COMPOSITION DE LA COUR LORS DU DÉLIBÉRÉ :
Mme Isabelle Defarge, présidente de chambre
Mme Alexandra Berger, conseillère
Mme Audrey Gentilini, conseillère
GREFFIER :
Mme Audrey Bachimont, greffière, lors des débats et du prononcé de la décision
DÉBATS :
A l’audience publique du 03 avril 2025, où l’affaire a été mise en délibéré au 05 juin 2025.
Les parties ont été avisées que l’arrêt sera prononcé par sa mise à disposition au greffe de la cour d’appel.
APPELANT :
INTIMÉ SUR APPEL INCIDENT
M. [X] [A]
né le 02 février 1975 à [Localité 10]
[Adresse 1]
[Localité 5]
Représenté par Me Christiane Imbert-Gargiulo de la Selarl Christiane Imbert Gargiulo- Mickaël Pavia, plaidante/postulante, avocate au barreau d’Avignon
INTIMÉS :
APPELANTS A TITRE INCIDENT
M. [T] [A]
né le 11 novembre 1991 à [Localité 12]
[Adresse 2]
[Localité 8]
Représenté par Me Julie Roland de la Scp Roland et associés, plaidante/postulante, avocate au barreau d’Avignon
Mme [E] [W]
née le 02 juin 1989 à [Localité 9]
[Adresse 4]
[Localité 6]
Mme [I] [R]
née le 27 juillet 1997 à [Localité 9]
[Adresse 3]
[Localité 7]
Représentées par Me Elizabeth Phelippeau-Sol, plaidante/postulante, avocate au barreau d’Avignon
ARRÊT :
Arrêt contradictoire, prononcé publiquement et signé par Mme Isabelle Defarge, présidente de chambre, le 05 juin 2025, par mise à disposition au greffe de la cour
EXPOSÉ DES FAITS ET DE LA PROCÉDURE
[L] [A] veuve [H] est décédée le 4 septembre 2018 à [Localité 13], ses deux neveux MM. [T] et [X] [A] étant institués légataires universels.
Par courriers recommandés avec accusé de réception des 11 et 17 juin 2020, MM. [A] ont mis en demeure Mmes [E] [W] et [I] [R] de rapporter à la succession les sommes suivantes débitées des comptes de la défunte :
— 10 000 et 4 000 euros les 26 avril et 7 juin 2018 par chèques à l’ordre de Mme [W],
— 4 000 et 400 euros les 6 et 22 juin 2018 par chèques à l’ordre de Mme [R].

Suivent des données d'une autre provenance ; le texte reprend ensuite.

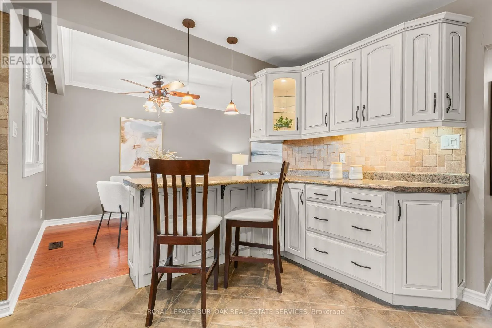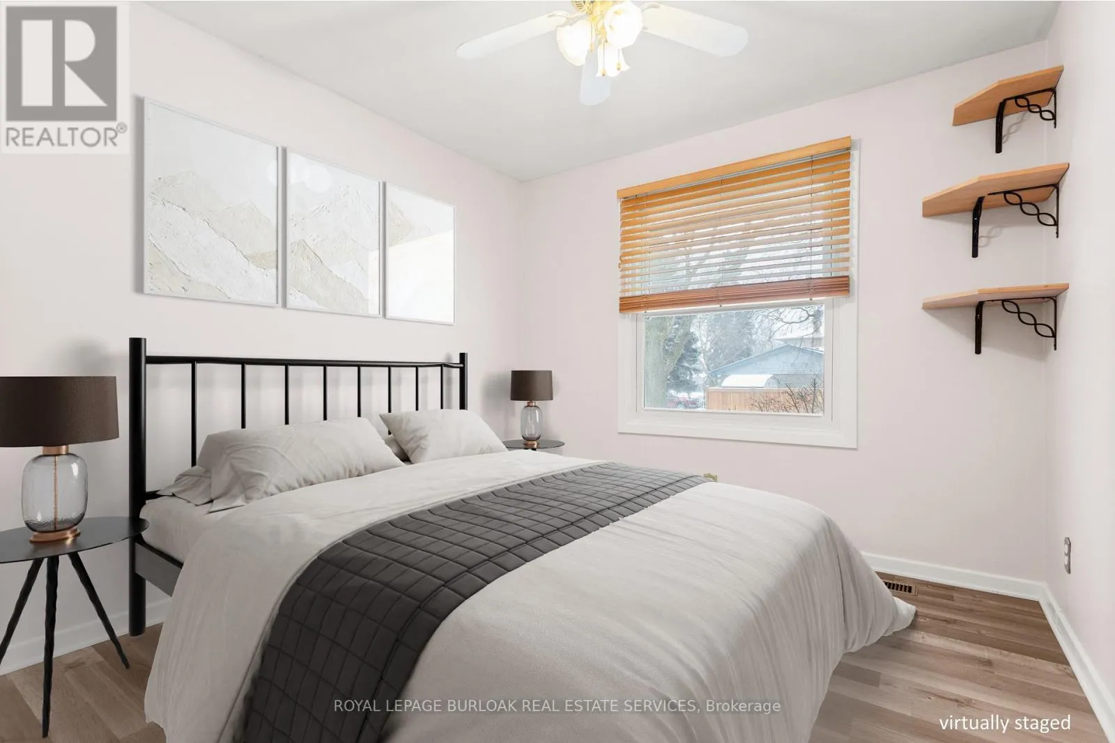 Cross Streets: Rexway & Walkers. ** Directions: From Walkers Line, turn west on Rexway and north on Braemore. This south Burlington sidesplit offers charm, warmth, and is located in the fantastic Dynes neighbourhood! When you view this great property, just imagine you're home... Park your car on the double wide driveway, wave to the friendly neighbours and enter your main foyer. The large living room finished with beautiful oak hardwood impresses with a large floor to ceiling bay window letting in loads of natural light. The dining room, adjoins the large kitchen that is sure to impress for both everyday living and entertaining, offering s/s appliances, pot lights, breakfast bar, and plenty of prep and pantry space. A large window over the sink bathes the space in even more sunlight. Up the short staircase, you'll find 3 spacious carpet free bedrooms with the primary finished with hardwood. Notice the unusually large windows in each room. Now, should you relax in the soaker tub in the 4 piece bathroom? Or maybe head down to the lower level that is great retreat offering a large rec room with finished pot lights and a gas fireplace to cozy up by. A great space for entertaining friends with great conversation or maybe watching the game on the big screen right close to the built in dry bar and bar fridge. Also on this level you'll find a 4th bedroom perfect to use as an optional guest room or home office, and 3 piece bathroom with glass shower. The large crawl space give you loads of storage for all your 'stuff'! In the fully fenced back yard the home sits on a mature 100' x60' corner lot! Notice the privacy! Not a neighbour's window to be seen! A small landscape pond trickling with a waterfall gives serenity in the summer. There's also a wood garden shed with lights and power. And what a location! 2 min drive to the highway, steps to two bus routes, top-rated schools, the renowned Marilu's market, a short walk to the lake and Burlington Centre Mall, restaurants and so much more so close by. Come view this great property and imagine what home could be! (id:27476)

Par acte du 3 novembre 2020, ils les ont assignées aux mêmes fins devant le tribunal judiciaire d’Avignon qui, par jugement avant dire droit du 23 mai 2023, a ordonné la réouverture des débats sur la question de la subsidiarité de l’action en enrichissement injustifié puis, par jugement contradictoire du 12 décembre 2023
— a déclaré irrecevable leur action fondée sur l’enrichissement injustifié,
— a débouté les défenderesses de leur demande d’indemnisation,
— a dit n’y avoir lieu à application de l’article 700 du code de procédure civile et condamné les requérants aux dépens.
M. [X] [A] a interjeté appel de ce jugement par déclaration du 16 février 2024.
Par ordonnance du 28 novembre 2024, la procédure a été clôturée le 20 mars 2025 et l’affaire fixée à l’audience du 3 avril 2024 à laquelle elle a été mise en délibéré au 5 juin 2025.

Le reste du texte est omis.